As I neared my mid-forties, I had to admit I was slowing down. It’s funny how when you are young, you think 50 is ancient, but as you get closer, it doesn’t seem that old. I turned 49 in May and reality set in. It really set in back during turkey season, a good four weeks before my birthday.
It all started on April 2nd. I have been hunting a particular turkey for three years. This bird had always managed to give me the slip. He was the boss tom and although he would come close when I called and he would enthusiastically answer me, he never showed himself. Many mornings I thought I had him only to have him hang up and eventually move off. Sometimes I felt as though I was running a turkey dating service as I watched a hen pass by me, wave her wing in thanks and go straight to the gobbler telling the world where he was and that he was available. I hunted and scouted, scouted and hunted, and finally developed a game plan to get him. He followed a pattern every morning and I knew within 100 yards where he would be at any given time between sunrise and 9 o’clock in the morning. The problem was he knew how to make me commit to a stand by making me think he was coming to me.
Finally, my time came and I was in the right place at the right time. I only called to him three series of yelps. The first was when he was way down in the woods and, when he answered, I just knew he was going to come. Of course, I had been there many times before over the past three years. He was about halfway between me and the hardwood bottom he started from, when he gobbled again. I gave him three or four soft yelps and he answered, this time much closer. I did just what all the books and magazines tell you to do, I shut up. It was just a few minutes and I saw him coming through the pines. He was about 40 yards out and made a cut to my right and, instead of coming to me, he was moving away from me. He was behind a youpon bush and I could see him, but not shoot him. He was one step away from an opening between another youpon bush. I yelped at him very softly another three times and he stepped into the small opening. My dad’s old Winchester thundered and just before the recoil I saw the underside of his wing, which told me he was down. I jumped to my feet and went to recover my bird. I had carpal tunnel surgery back in January and I still have problems putting weight on the palms of my hand…like when an old fat guy gets up off of the ground. If my hands hurt, I wasn’t aware of it. I got to my old bird and later measured his spurs at an even inch and a quarter. I admired his 9.5 inch beard and tried to guess his weight (18.5 pounds). I felt very satisfied with myself. I had gotten this turkey, with no help from anyone but the man above. I slung my turkey over my shoulder and started on the satisfying walk only a turkey hunter can appreciate.
It wasn’t long afterwards I was convinced I had shot the heaviest turkey ever killed. At least it felt that way. I had probably a half-a-mile walk to my truck and had to stop to rest twice. All of my clothes were soaking wet and I could hardly breathe. I was worn out. I was only 48 then.
Just a few weeks ago, my wife had me running a tiller at church to plant some shrubs and I literally thought I was going to die. I told her if this was what getting old was like, I’d just as soon die now and get it over with. I am now at the age where I cannot hear most of what is said to me and remember even less. Too many loud tractors and guns have made me half-deaf.

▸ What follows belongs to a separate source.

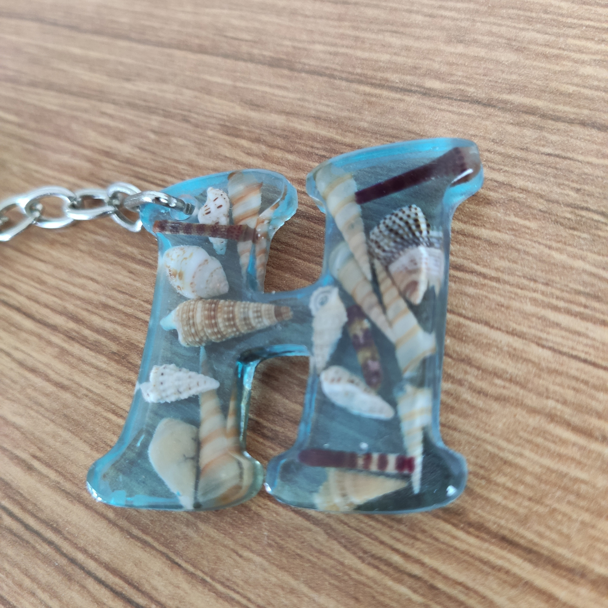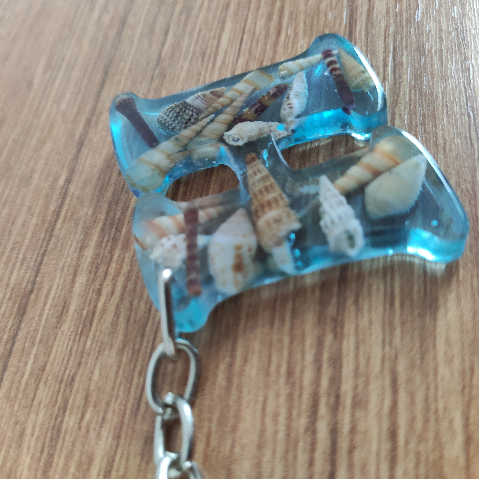 - Malzeme: Epoksi reçine, doğal kabuk, metal halka/zincir

There are some benefits. I know a great many people who are way older than I am and I’ve always been a believer in, if someone has got enough sense to survive 70 or 80 years (or even more), they have earned the right to do some things the way they want to, regardless of what anyone else thinks. I feel as 50 nears, I deserve a few of those "survival perks."
One is that I refuse on or after my 50th birthday to ever pick up or even touch another square bale of hay. I just am not going to do it; I don’t care if the barn is on fire.
I am sure this list will grow as 2009 approaches. I’ll let you know.
Ralph Ricks is the manager of Quality Cooperative, Inc. in Greenville.